I have managed to secure an interview at a local college for a full-time, tenure-track position. I have applied to this college three times, and this is the first time I’ve gotten an interview. It’s next week. I haven’t had an interview for one of these serious positions in quite a long time, so I’m feeling a little shaky about it.
These academic interview processes are gruelling. Of course, all interview processes are potentially gruelling, but these can be nuts. My application packet (which I submitted a month ago) was no less than thirty pages. The interview itself will be at least an hour in front of a rather large committee. For the interview, I must prepare a fifteen minute demonstration on a lesson plan and syllabus. If out of the twenty or so candidates they are interviewing, I am one of the lucky few finalists who makes it to a second interview, I’ll then interview with the Vice President of the college. If I make it past that one, I’ll interview with the Superintendent of schools. This whole process takes a few weeks, and it’s nothing short of nerve-racking. The good news is that I’ve gone through it before, and while neither process ended in me with a great job, I did gain experience, and perhaps a speck of confidence, maybe even a hint of professional maturity. We shall see. I just hope I’m not still coughing up a lung every five minutes by next Wednesday. I really want this job.

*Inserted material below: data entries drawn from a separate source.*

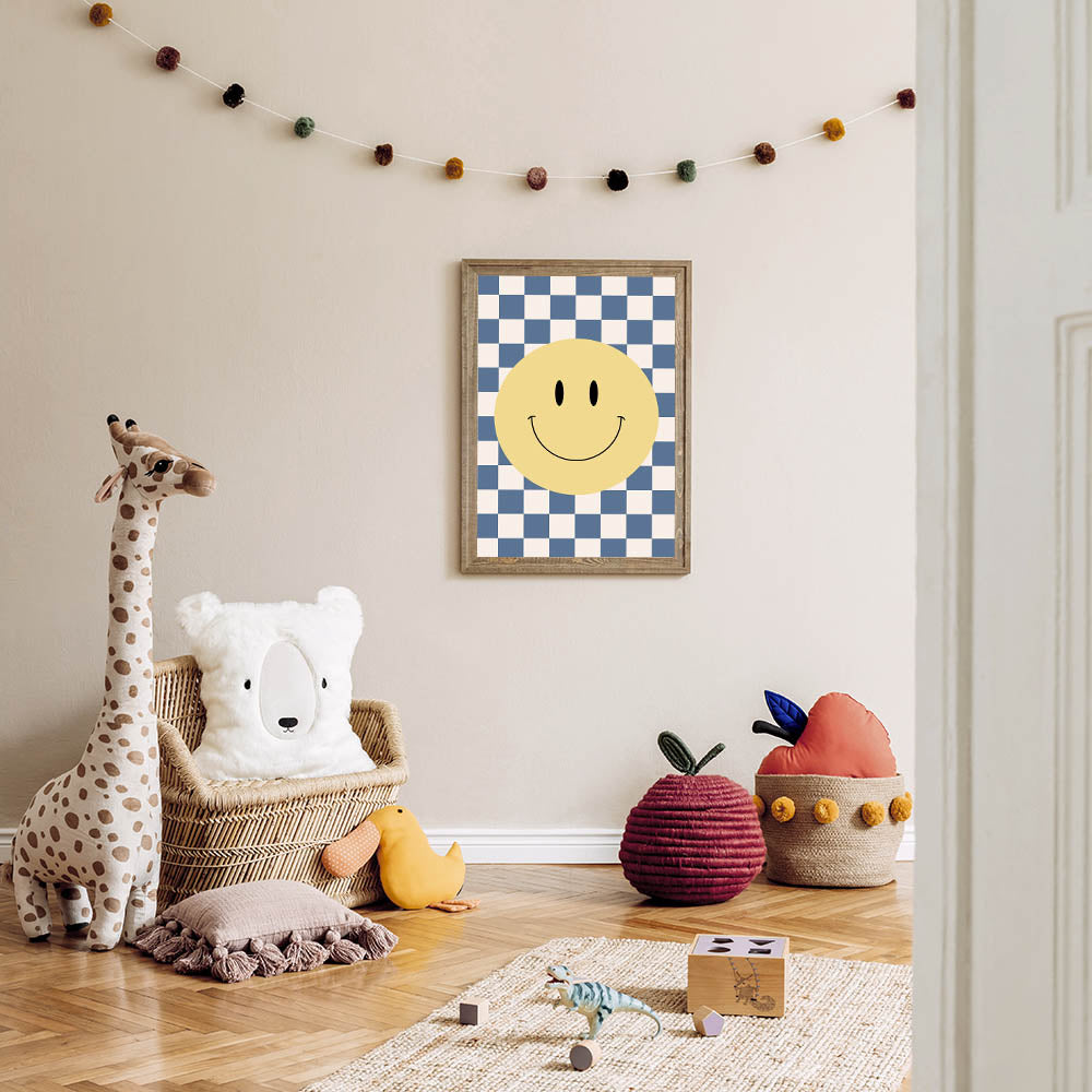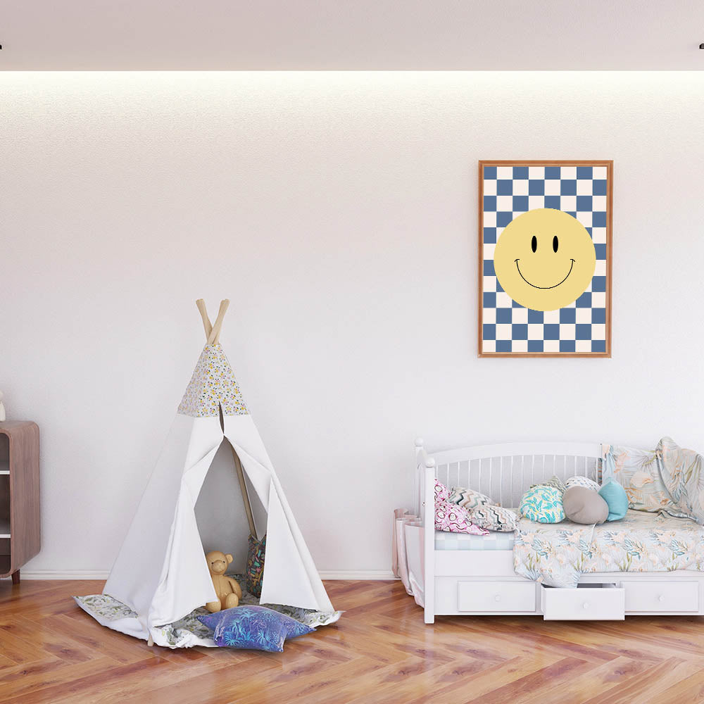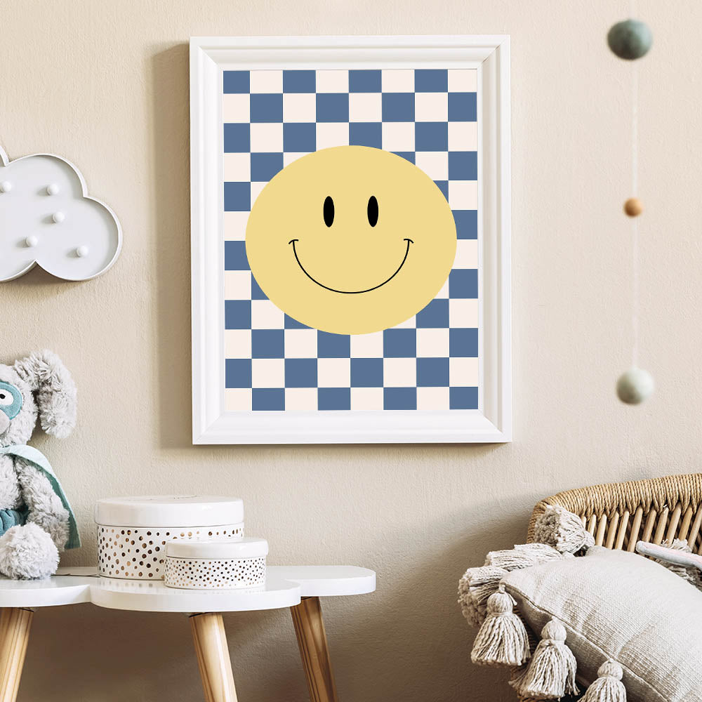 Bring joy and positivity to your child’s space with this fun and playful smiley face wall art. Featuring a vibrant yellow smiley face on a blue-and-white checkerboard background, this design adds a bold, energetic, and modern touch to any boys' bedroom, nursery, or playroom. The cheerful design is perfect for inspiring happiness and creativity in kids while complementing a stylish and contemporary decor theme.
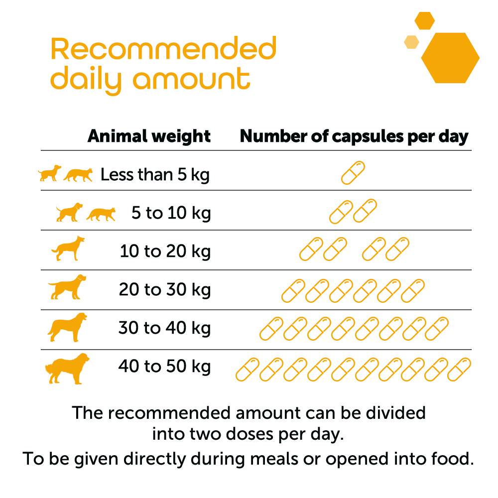 • Dogs, cats: one per 10 kg bodyweight twice daily
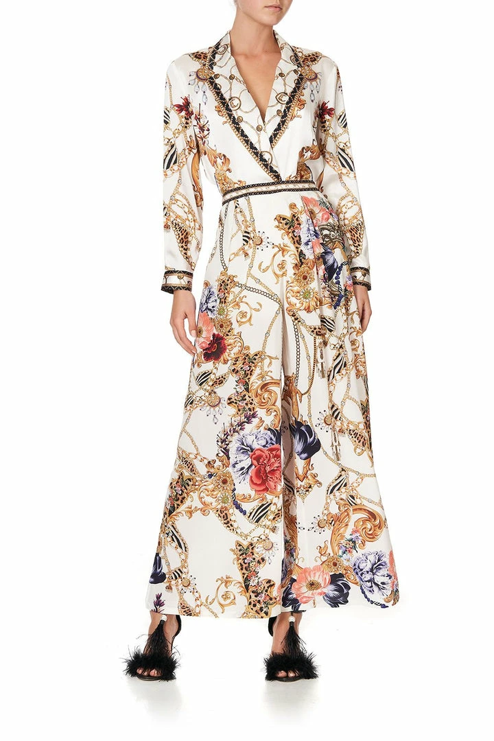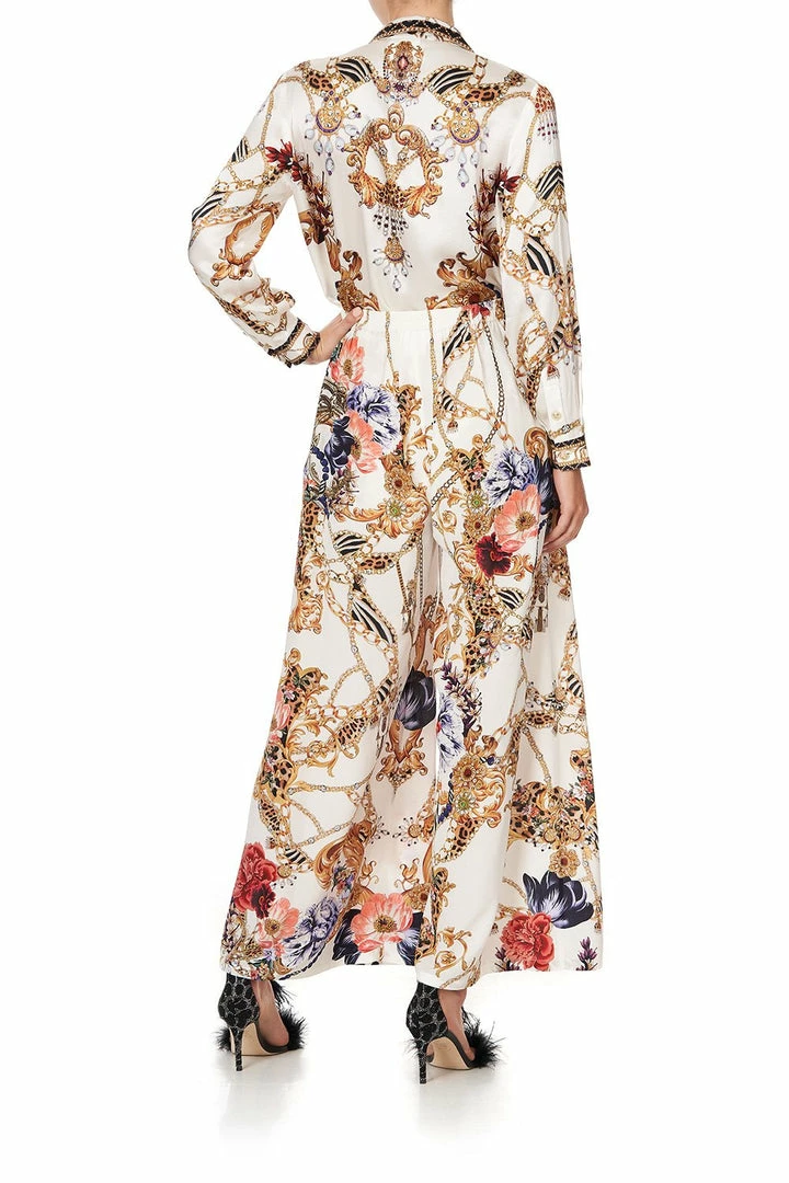 Elevate the wardrobe essentials with the Reign Supreme Tuck Front Pant. Crafted for the party season and beyond, inspiration called from the tantalising nineties. Sporting a soft ivory hue, ornate golden accents dance amidst splashes of florals and leopard print. This statement pant plays host to an elasticated waist to add cinch and shape, an ankle-grazing wide leg and patch pockets. Style with the Raglan Sleeve Button Up Top.

Speaking of horizons (and, consequently, back to the original focus of this whole blog), we’re on a one-cycle break for sanity’s sake, but we do have more cycles of trying coming soon. After this month, we’ll have probably two more attempts with Mr. G before he leaves the country for over a year, at which point, we will implement a yet unknown Plan B (or C or D–not sure which letter we’ve gotten to by now). We probably should have taken a few months off during the move, but we didn’t have the heart to do it. I fell oddly okay about this because I think J and I both need to get back to that place of remembering what it is we’re doing this for–back to dreaming about being parents, potentially even back to a speck of idealism if that’s even possible. Of course, that may be as likely as regaining one’s virginity, but it doesn’t hurt trying, right?